*Problem to work on*:
Here, set down only the lines between the line that contains "Set of 4 wine" and the final line of the material, both included, exactly as written. Skip the pictures.

*Data section*:
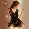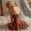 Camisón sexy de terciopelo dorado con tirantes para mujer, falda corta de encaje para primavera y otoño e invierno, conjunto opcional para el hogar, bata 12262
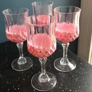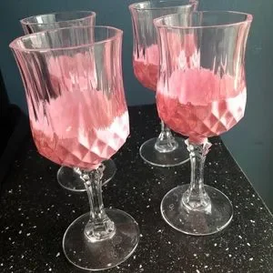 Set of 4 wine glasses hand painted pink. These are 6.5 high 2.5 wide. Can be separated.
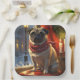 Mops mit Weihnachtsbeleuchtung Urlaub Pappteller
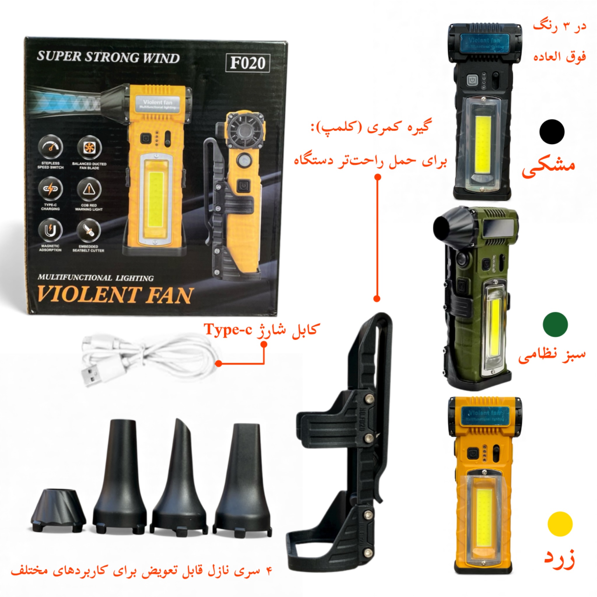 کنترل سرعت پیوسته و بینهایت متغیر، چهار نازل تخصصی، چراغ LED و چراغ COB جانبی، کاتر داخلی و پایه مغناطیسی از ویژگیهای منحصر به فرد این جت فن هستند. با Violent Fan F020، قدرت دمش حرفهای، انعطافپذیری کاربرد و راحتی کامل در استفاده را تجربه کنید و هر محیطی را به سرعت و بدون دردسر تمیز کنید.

*Response area*:
 Set of 4 wine glasses hand painted pink. These are 6.5 high 2.5 wide. Can be separated.
 Mops mit Weihnachtsbeleuchtung Urlaub Pappteller
 کنترل سرعت پیوسته و بینهایت متغیر، چهار نازل تخصصی، چراغ LED و چراغ COB جانبی، کاتر داخلی و پایه مغناطیسی از ویژگیهای منحصر به فرد این جت فن هستند. با Violent Fan F020، قدرت دمش حرفهای، انعطافپذیری کاربرد و راحتی کامل در استفاده را تجربه کنید و هر محیطی را به سرعت و بدون دردسر تمیز کنید.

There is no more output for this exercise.